The If I Were You series represents both evolution and purpose—a journey that transforms casual adventurers into disciplined investigators who approach legend with the rigor of historians. Across three volumes and fifty-six stories, I’ve applied my 90 Percent Rule to separate history from myth, tracing the people, places, and conditions that define each legend and testing whether discovery is still possible today. Volume I set the foundation, exploring frontier legends and early American caches while introducing readers to the discipline of structured investigation. Volume II turned to the stories rooted in America’s transformation—the Trail of Tears and the Civil War era—where loss and resilience shaped the treasures and the myths that followed. Volume III, releasing this November, carries the pursuit into the rugged realm of lost mines and outlaw hoards, capturing the spirit of endurance and ambition that built the West. Collectively, these volumes embody the same blend of adventure and academic precision, reminding readers that the real reward lies in understanding, not just in recovery.
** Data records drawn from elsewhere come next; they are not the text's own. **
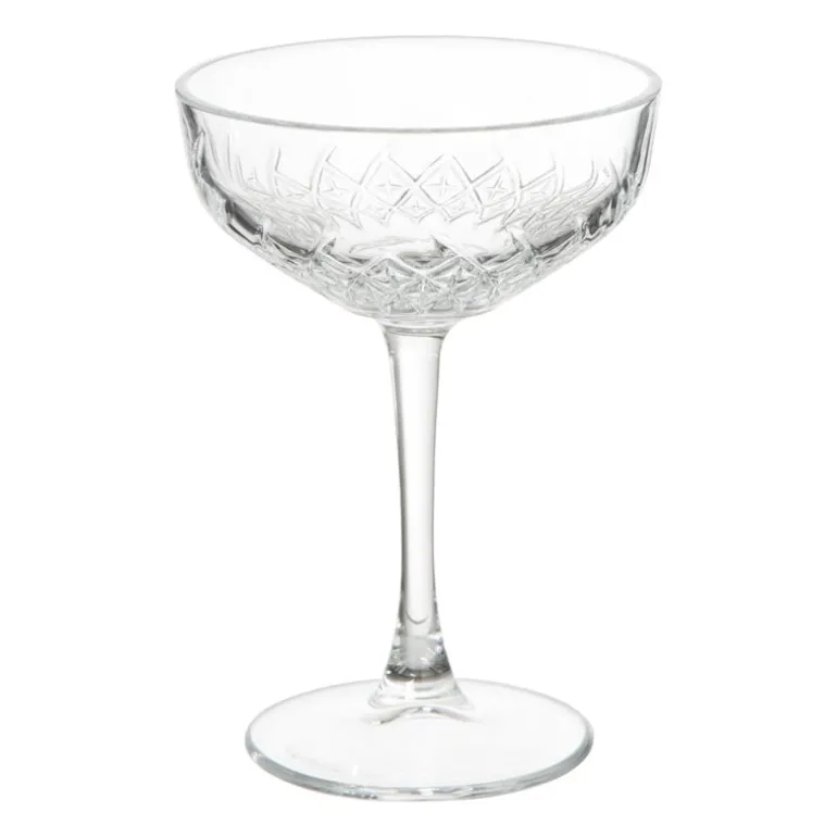 Helemaal klaar voor oud & nieuw of iets anders leuks te vieren? Een glaasje champagne drink je het liefst uit deze chique champagnecoupe. Het glas is transparant maar valt op door het mooie motief. Hij staat perfect op je mooi gedekte tafel. Oliebollen, mooi servies en gouden bestek erbij en je avond kan niet meer stuk. Het champagneglas heeft een inhoud van 255 ml en is vaatwasmachine bestendig. Het glas is ook te gebruiken voor andere drankjes of voor het serveren van heerlijke voor- en nagerechtjes.
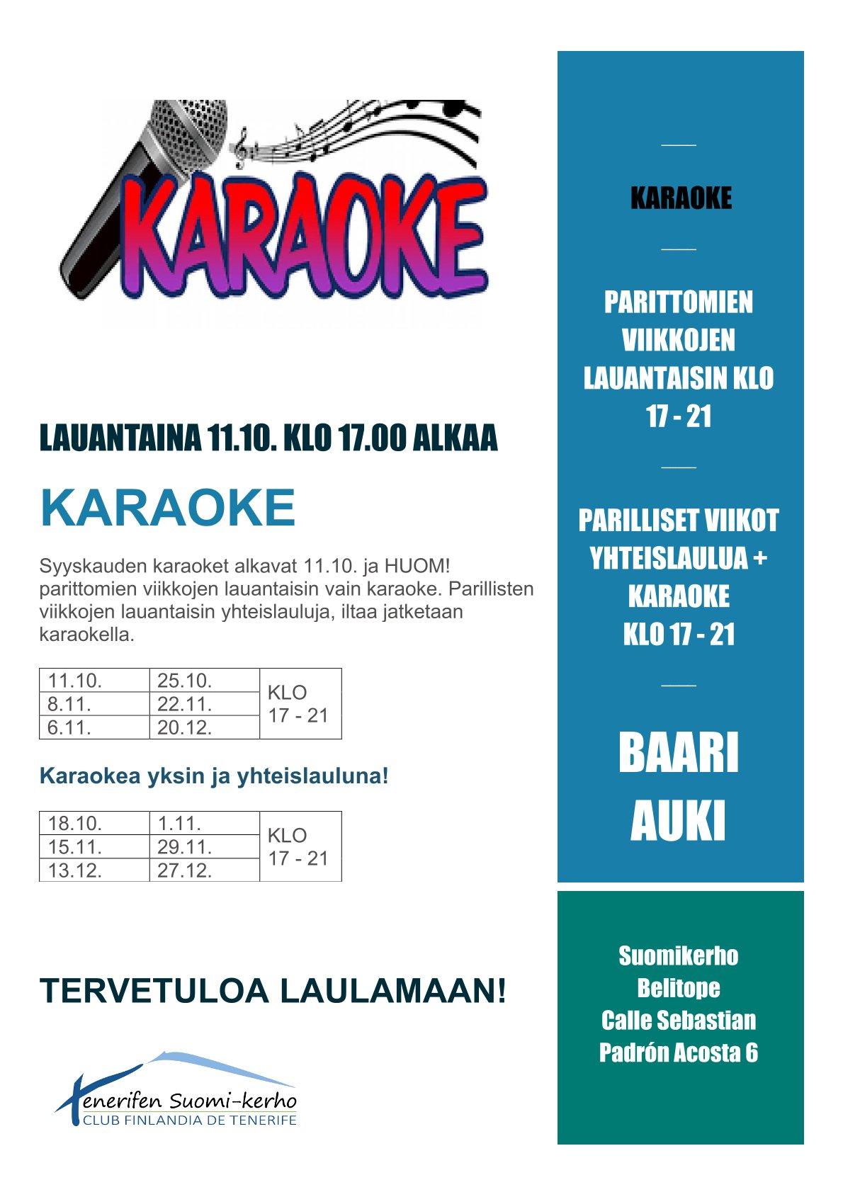 Syyskauden karaoke alkaa lauantaina 11.10. klo 17.00
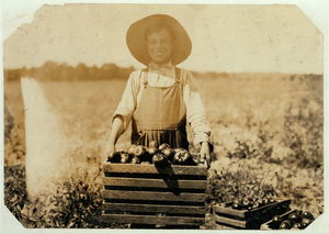 12-year old boy carrying heavy crate of tomatoes on farm of W.T. Hill. He has been earning $1.25 a day steady all Summer. Location: Cabool, Missouri / Lewis W. Hine.
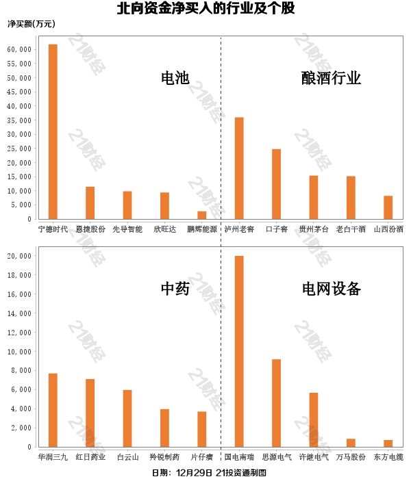 从净买入金额来看,北向资金增持了48个行业,其中电池居首,净买入金额达6.54亿元,其次是酿酒行业,净买入6.20亿元。
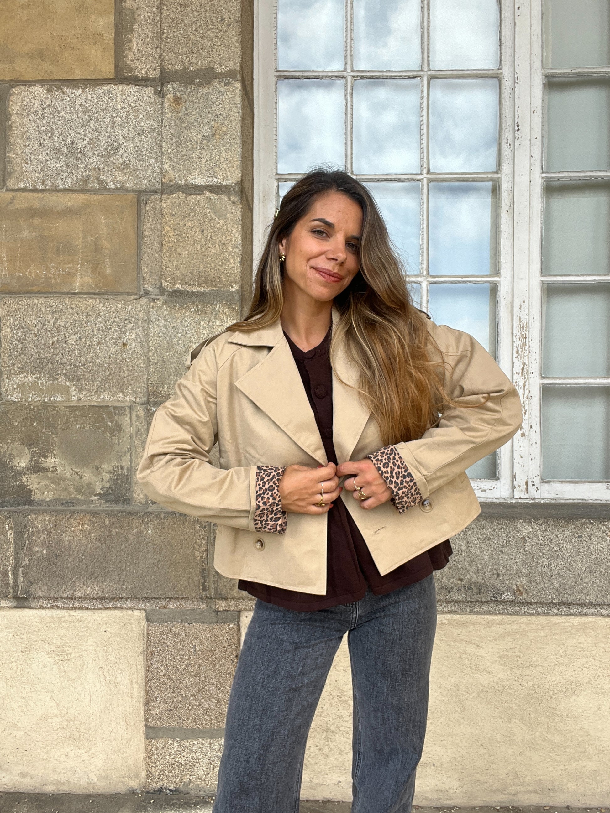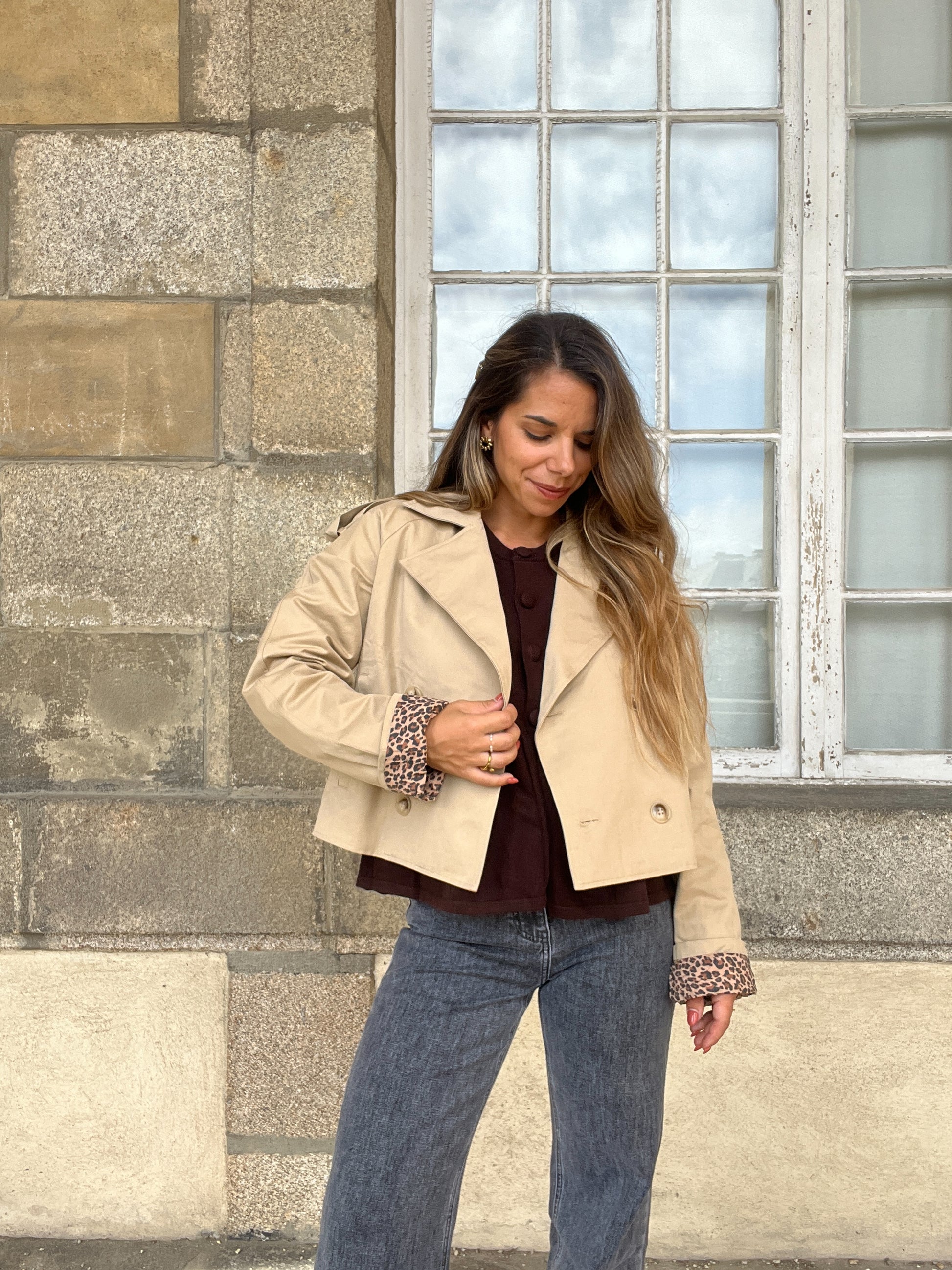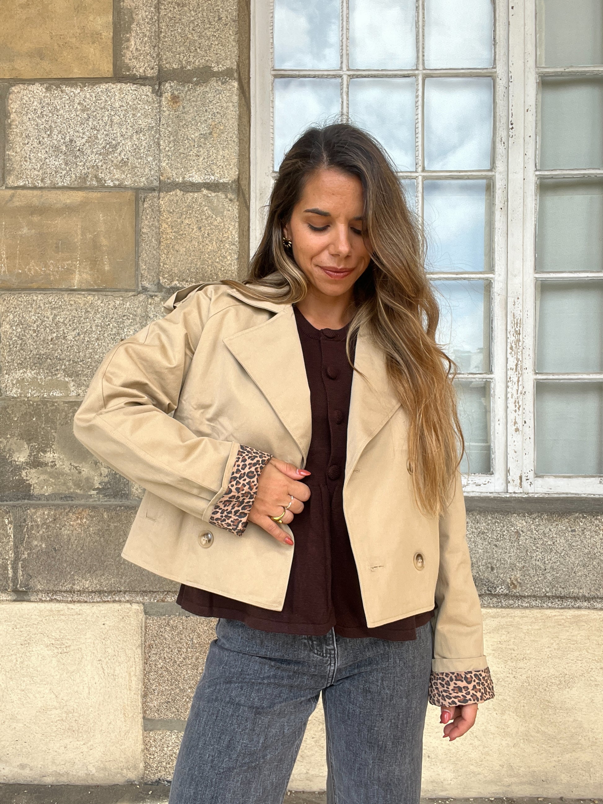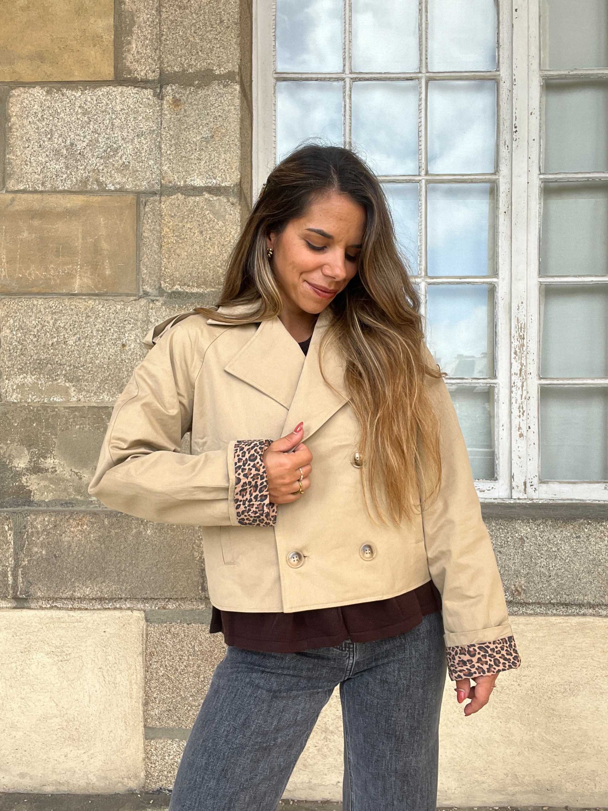 Cette veste trench sera parfaite pour le printemps! Le trench est un intemporel des dressings qui se porte facilement. Avec sa touche léopard en bas des manches, il sera une pièce forte du dressing.

Threaded through every story is continuity—a deeper look at how treasure legends mirror the American identity itself, defined by conflict, curiosity, and discovery. The series doesn’t simply teach you how to hunt; it teaches you how to honor the ground you walk on and the history beneath it.


My next work, due out is


Decoding American History’s Lost & Hidden Treasure: The 90 Percent Rule — A Methodology for Planning, Preparation, Execution & Recovery, which serves as the capstone to the series. In it, I open my research process in full: the analytical tools, emerging technologies, and the legal and logistical frameworks that guide responsible exploration. It’s a blueprint for disciplined inquiry, born from watching too many treasure hunters invest years and fortunes only to fail because they skipped the groundwork. The message remains the same across all my writing—the path to discovery begins long before the search itself, and the ultimate treasure is not just what we find, but how faithfully we preserve the truth we uncover. Look for it on Amazon in late December of this year.


What’s the main takeaway you want readers to have from your book?


I’ve always said the treasure is out there—but the real reward lies in the method. The 90 Percent Rule isn’t just a system for finding things buried in the earth; it’s a mindset for how we approach uncertainty, how we honor truth, and how we leave behind something cleaner and stronger for the next generation of seekers. That’s what I want readers to carry with them. In the end though, for me treasure hunting—like any serious pursuit—reflects character. It’s patience tested, curiosity sustained, and integrity proven. If my readers walk away ready not just to search but to steward history, then the mission is complete.